The EIA will report natural gas inventory at 10:30 a.m. as usual, and at noon EDT, the Philadelphia Federal Reserve will report its region's manufacturing survey. The August reading is expected to be 8.0, compared to 9.2 in July. Finally, money supply will be reported as usual at 4:30 p.m. All of a sudden, this is a mainstream news bit, thanks to recent central bank activity.

The Wall Street Analysts Forum will close on Thursday with presentations from Lexington Realty Trust (NYSE: LXP), Omni Financial Services (NASDAQ: OFSI), Mercantile Bancorp (AMEX: MBR), Duke Energy (NYSE: DUK) and American Electric Power (NYSE: AEP).

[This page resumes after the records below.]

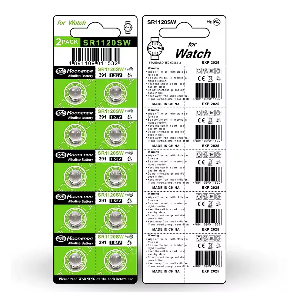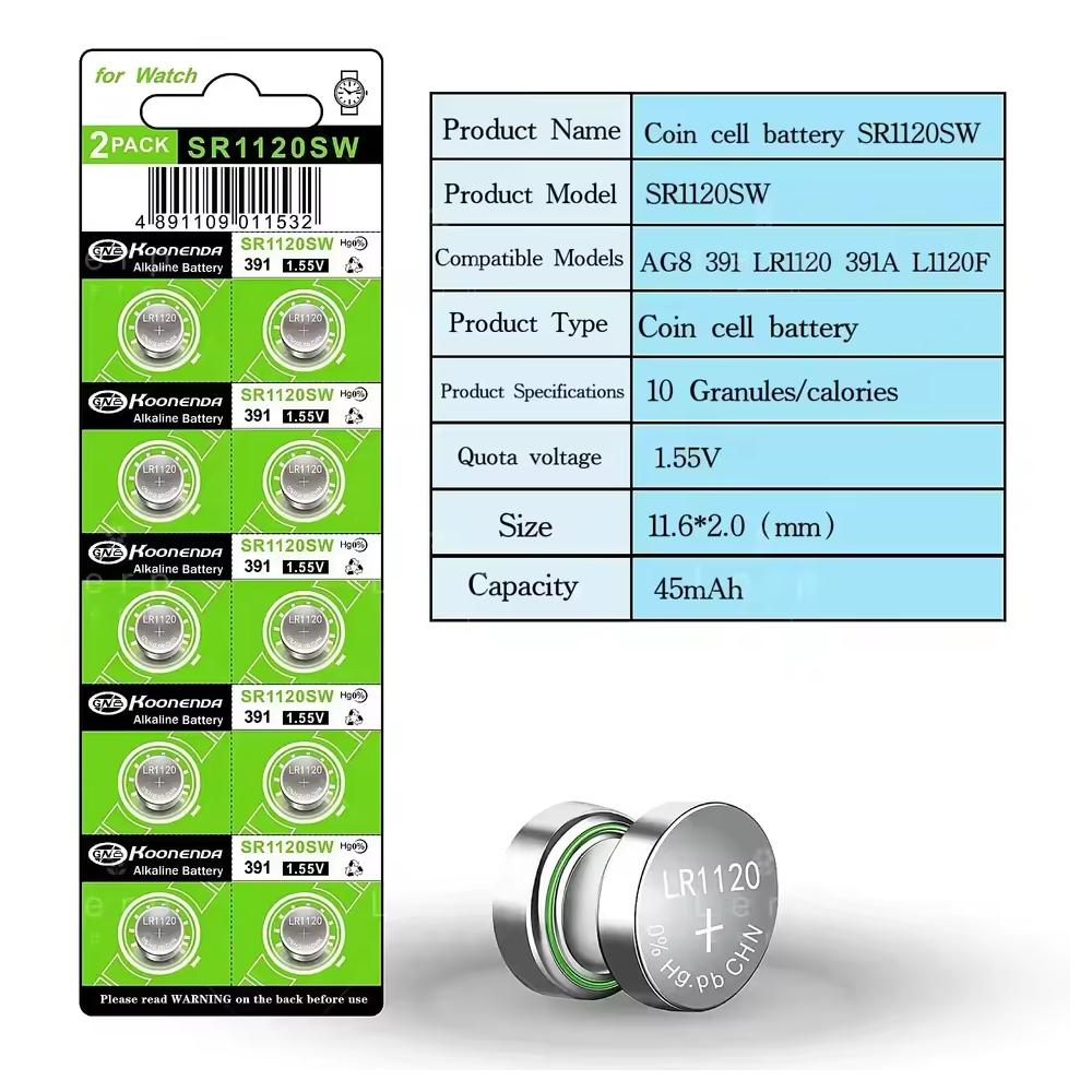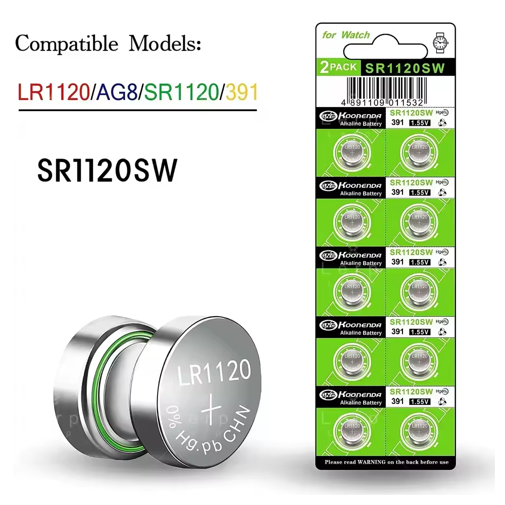 - 1x Blíster de 10 Pilas Botón AG8 Alcalinas 1.5V (LR1120 / 391)
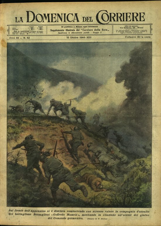 In-4, brossura, in buono stato di conservazione. In questo numero:"Sul fronte dell'Appennino si è distinta combattendo con strenuo valore la compagnia d'assalto del battaglione Bersaglieri Goffredo Mameli, meritando la citazione all'ordine del giorno del Comando germanico.""L'Eroina di Rimini. Richiesta di un'indicazione stradale dalla prima pattuglia di canadesi entrata in città, una popolana di diciotto anni la guida a sfracellarsi su un campo minato, cadendovi pur essa colpita a morte. Si salva soltanto un soldato tedesco, prigioniero della pattuglia, egli si accosta alla ragazza agonizzante e ne riceve le ultime parole, Sapevo che qui esisteva un campo di mine.. vi aveva lavorato mio fratello.. Vi ho condotto gli Inglesi perchè sono stata violentata da due Australiani in una casa colonica dove ci eravamo rifugiati.. Ho seguito questa pattuglia.. volevo vendicarmi.. non sapevo come.. La sorte mi ha favorito.. Ho vendicato il mio onore..".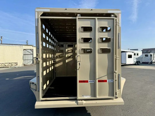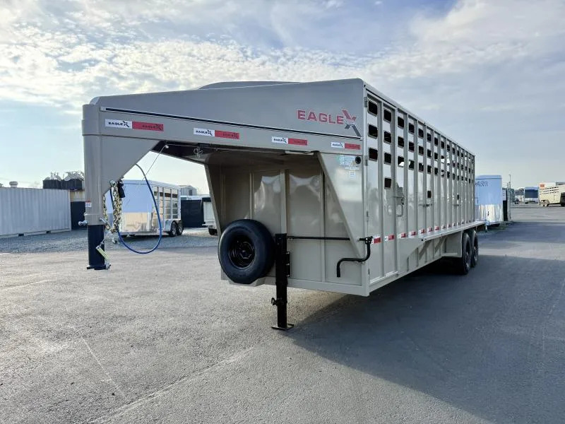 2026 EagleX 24’ GN Stock Trailer. * 6’8” Wide, 24’ Long, 7’ Tall * Powder Coated Steel 14 ga Walls * Punched Walls with 3 Vent Rows * 2” Smooth Rubber Floor with Last 4’ Cleated Rubber Floor * Brush Fenders * Tandem 7000# Torsion Axles * 14 Ply Radial Tires * 4 Wheel Electric Brakes * Spare Tire * 39” Side Escape Door * (2) Center Gates with External Releases and Hold Back Catches * Swing Calf Gates in Nose of Trailer * Interior Light on Exterior Switch * Rear Swing Gate with Slider * Interior Tie Loops * LED Lights * 2 5/16” Coupler Call D2 Trailer Sales 209-745-5480 or for more info www.d2trailersales.com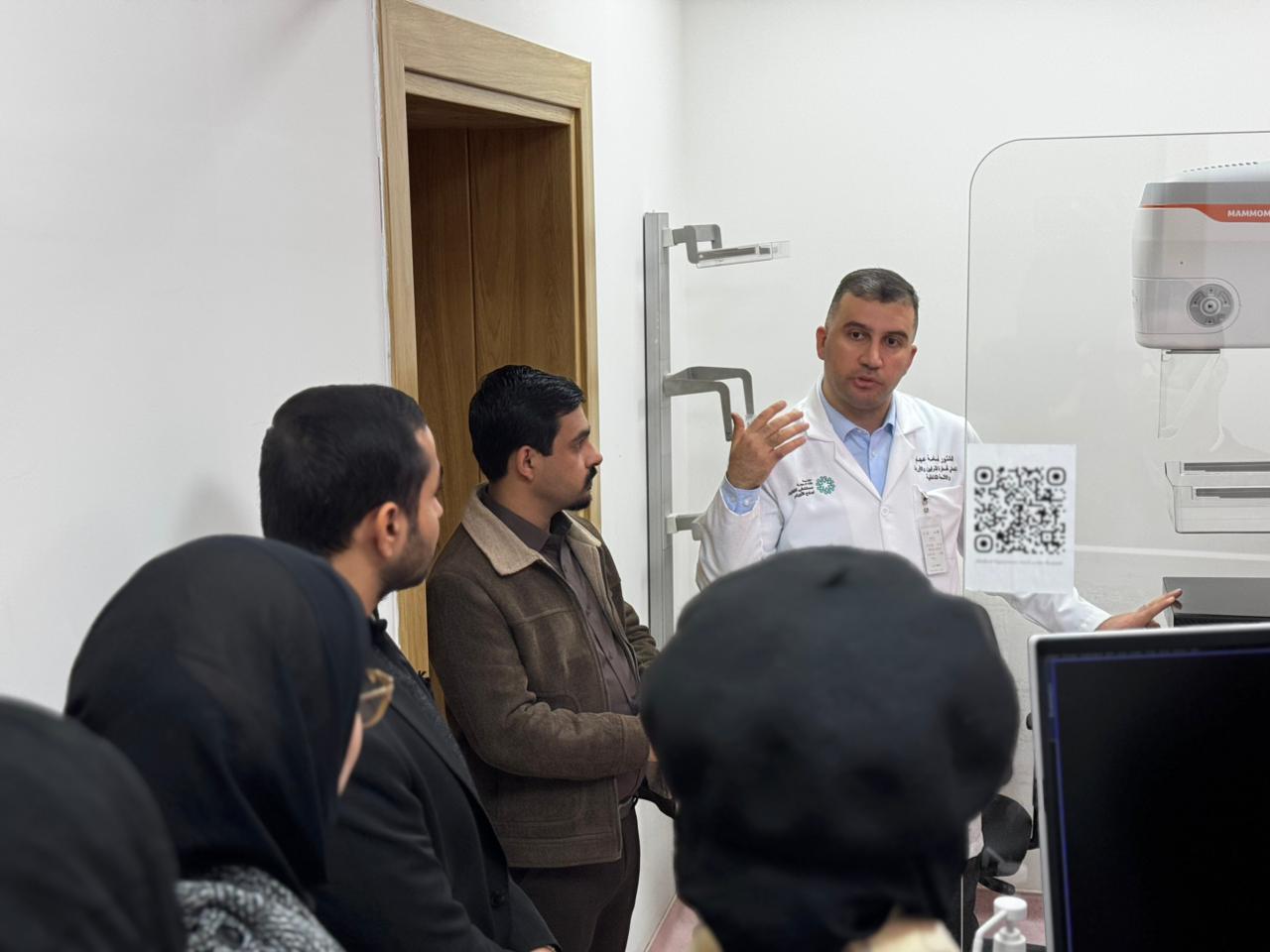 وتضمّن البرنامج جولة ميدانية في وحدات الأشعة التشخيصية والعلاج الإشعاعي، مع تقديم شروحات علمية من قبل الكوادر الطبية المختصة حول دور تقنيات الأشعة في الكشف المبكر عن الأورام وخطط العلاج، فضلاً عن مناقشة التحديات العملية وسبل تطوير الأداء المهني.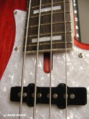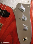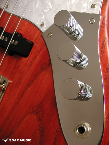 通常の2ピックアップタイプのベースはフロントピックアップ、リアのピックアップをパラレル(並列)で配線してますが、トーンノブを引っ張ることにより、フロント/リアピックアップを連動させたシリーズ(直列)回路に切り替わります。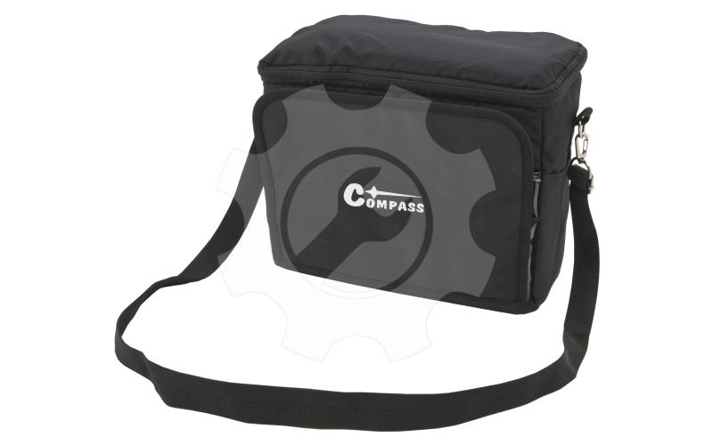 Termotaška k zavěšení na opěrku hlavy u přední sedačky automobilu, vhodná i k přenášení pomocí ramenního popruhu.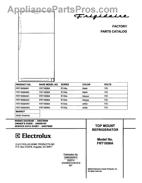 Parts for Frigidaire FRT18S6AQ1: 01 - Cover Parts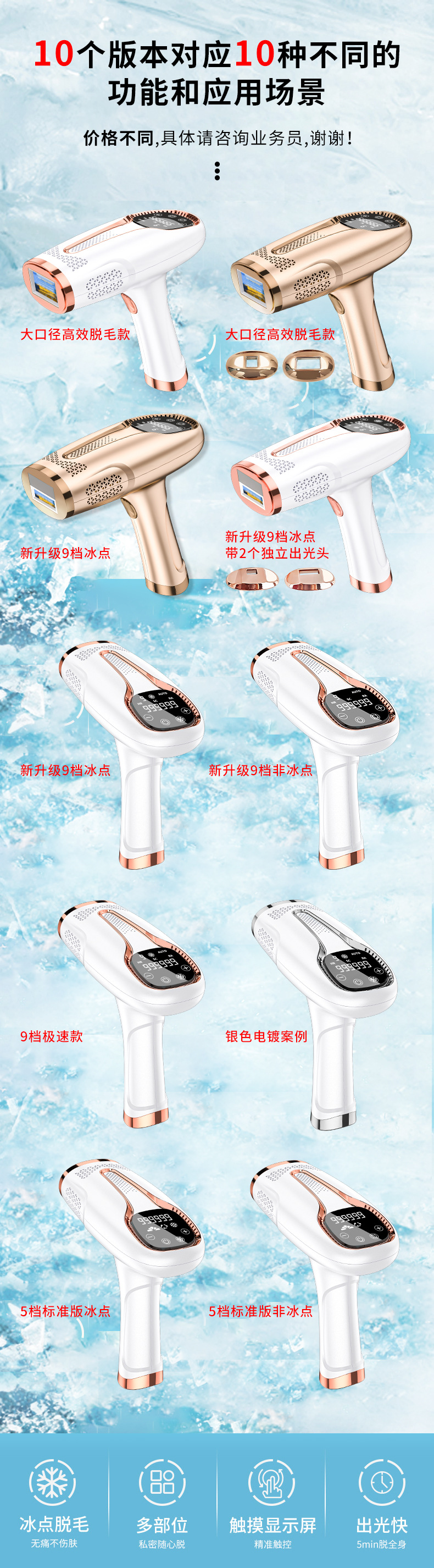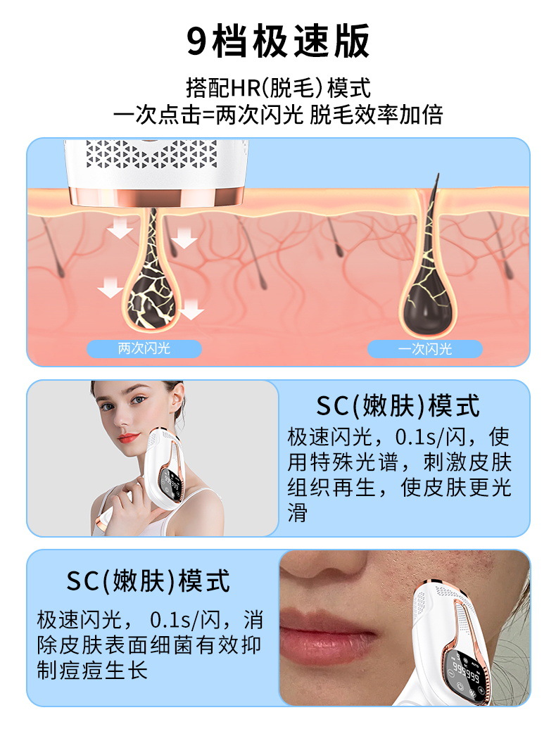 Портативный электрический фотонный аппарат IPL для омоложения кожи, пользующийся большим спросом на международном рынке, для безболезненного лазерного удаления волос по всему телу в домашних условиях методом заморозки.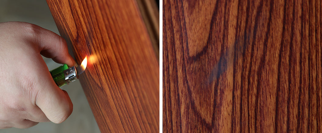 在地板表面用打火機直接灼燒,測試地板的耐高溫性能以及對頑固污漬的抵抗能力。實驗結果,該款地板在高溫灼燒下有輕微印跡殘留,且不易擦拭,純實木地板在耐高溫和耐火燒方面的性能相對弱一些。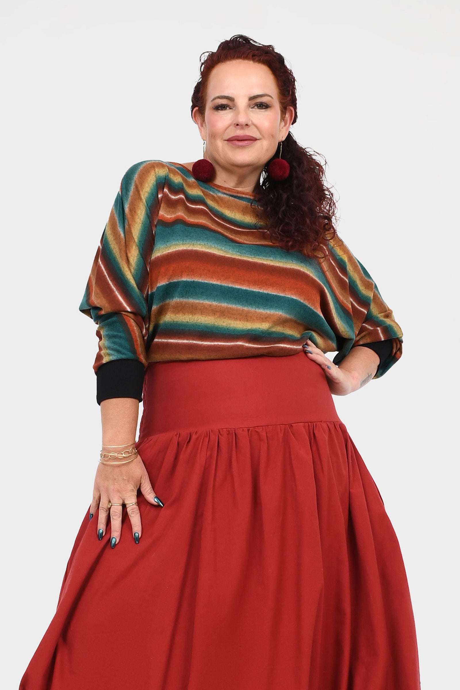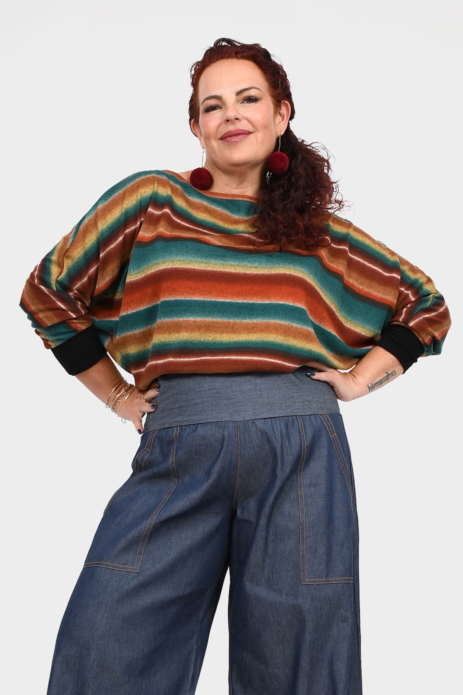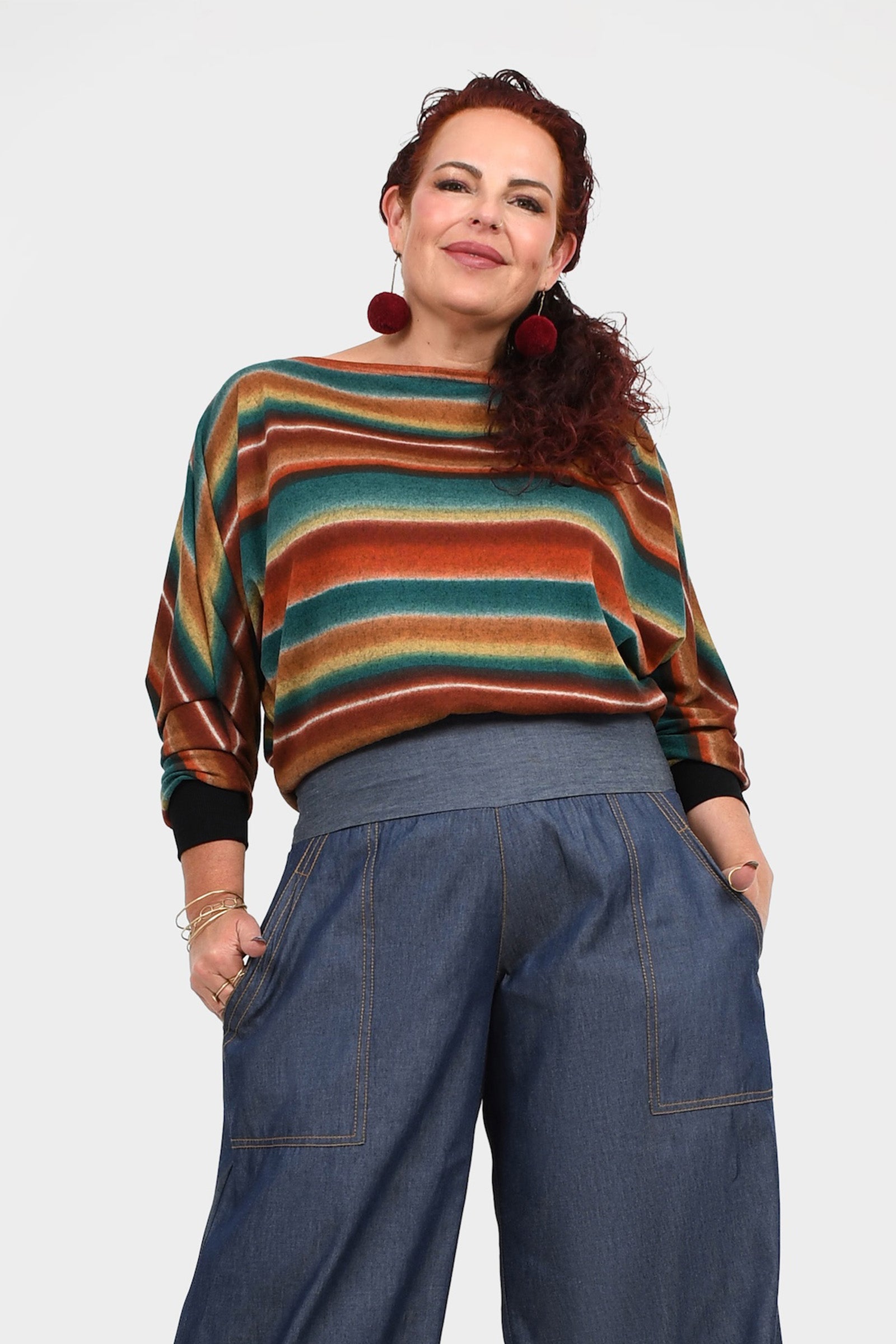 Styling Tip - Layer the Moxie Jumper with your Stevie Pants in Daybreak, add Pom Pom Earrings in Rust and finish with boots for effortless winter style — perfect for chilly days and cosy evenings!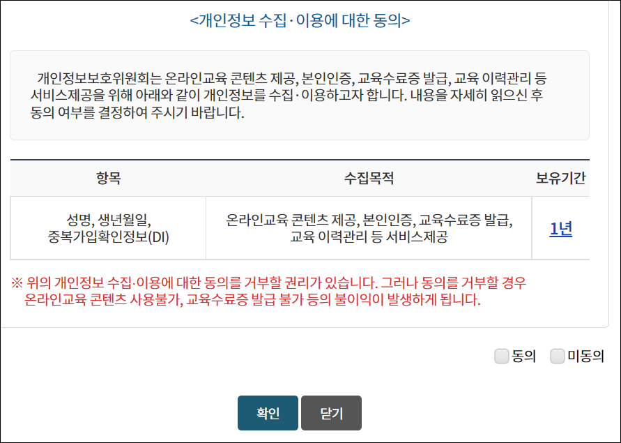 개인정보 수집 이용에 대한 동의를 클릭하시고, 확인버튼 클릭합니다.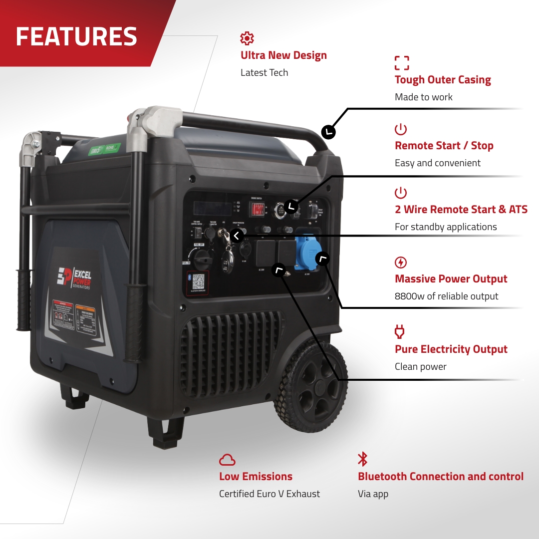 The Excel Power XL10000i is a powerful 8.8kW petrol inverter generator built for professional work, catering trucks, and home backup use.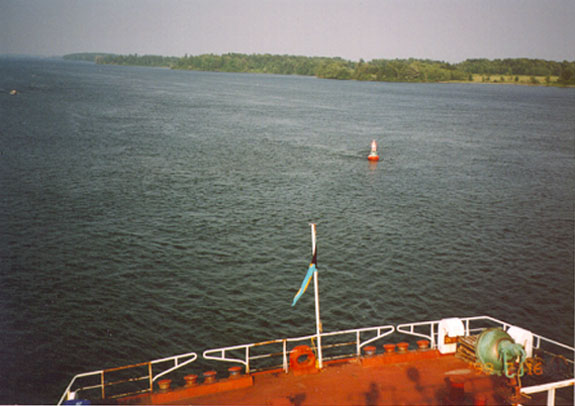 Vers 11 h 50, le capitaine quitte la timonerie pour prendre rapidement un repas avant les manoeuvres d'accostage. À ce moment-là, le navire est sur un cap au 241 °(G) sur l'alignement de l'île Cornwall. L'erreur du gyro-compas est d'environ plus 1o. L'apprenti-pilote appelle la Voie maritime d'Eisenhower sur la radio VHF pour signaler que le navire va quitter le chenal principal sous peu et transmet également l'heure prévue d'arrivée du navire au quai de Cornwall.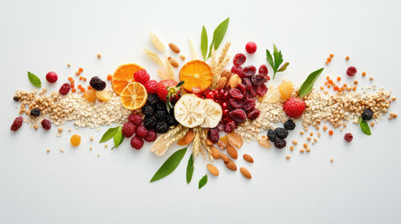 A visually appealing arrangement of dried fruits, nuts, grains, and fresh berries on a neutral background, highlighting health-conscious eating and vibrant colors.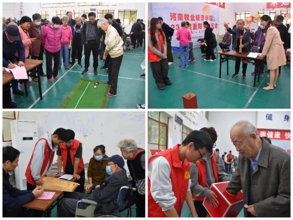 流年不弃桑榆老,秋光冉冉映重阳。为弘扬中华民族尊老敬老爱老的传统美德,近日,威尼斯官网离退休职工工作处先后在龙子湖、英才、北林校区及淮河路家属院隆重举办2023年度重阳节游艺会。北林路街道办事处融元社区、迎宾路街道办事处龙源街社区相关负责人及工作人员应邀参加活动。校党委副书记李俊杰、副校长姚毅出席活动,相关职能部门负责同志参加活动,与老同志们亲切交流,共度重阳节。

Earnings reports are anticipated from a few of the major retailers, including Kohl's (NYSE: KSS), Nordstrom (NYSE: JWN) and J.C. Penney (NYSE: JCP). Also look for reports from Autodesk (NASDAQ: ADSK), BEA Systems (NASDAQ: BEAS), Elizabeth Arden (NASDAQ: RDEN), Fannie Mae (NYSE: FNM), Flowers Foods (NYSE: FLO), FTD Group (NYSE: FTD), Hewlett-Packard (NYSE: HPQ), NuCO2 (NASDAQ: NUCO), Red Robin (NASDAQ: RRGB), Royal Gold (NASDAQ: RGLD), Estee' Lauder (NYSE: EL), Smith & Wollensky (NASDAQ: SWRG), Watson Wyatt (NYSE: WW), Zygo (NASDAQ: ZIGO) and a few others.

Friday wraps up the busy week with the University of Michigan's Consumer Sentiment Report for August. Bloomberg's consensus is looking for a reading of 88.0, compared to July's 92.4. We think the measure could be worse, and we expect it to certainly trend lower in months to come, but this is not new news, as the overriding trend through the year has been on the downslide. In other news Friday, St. Louis Fed Chief, William Poole, is scheduled to address a group about U.S. export opportunities. Poole has been vociferous about keeping the Fed funds rate unchanged, and has become sort of the archenemy of CNBC's Jim Cramer.

Friday's earnings reports include Concurrent Computer (NASDAQ: CCUR), Delta Apparel (AMEX: DLA), J.M. Smucker (NYSE: SJM), Lancaster Colony (NASDAQ: LANC), Torch Energy (NYSE: TRU), Yanzhou Coal Mining (NYSE: YZC) and a few more. We hope you found value in this week's copy, and look forward to providing you value-added work all week.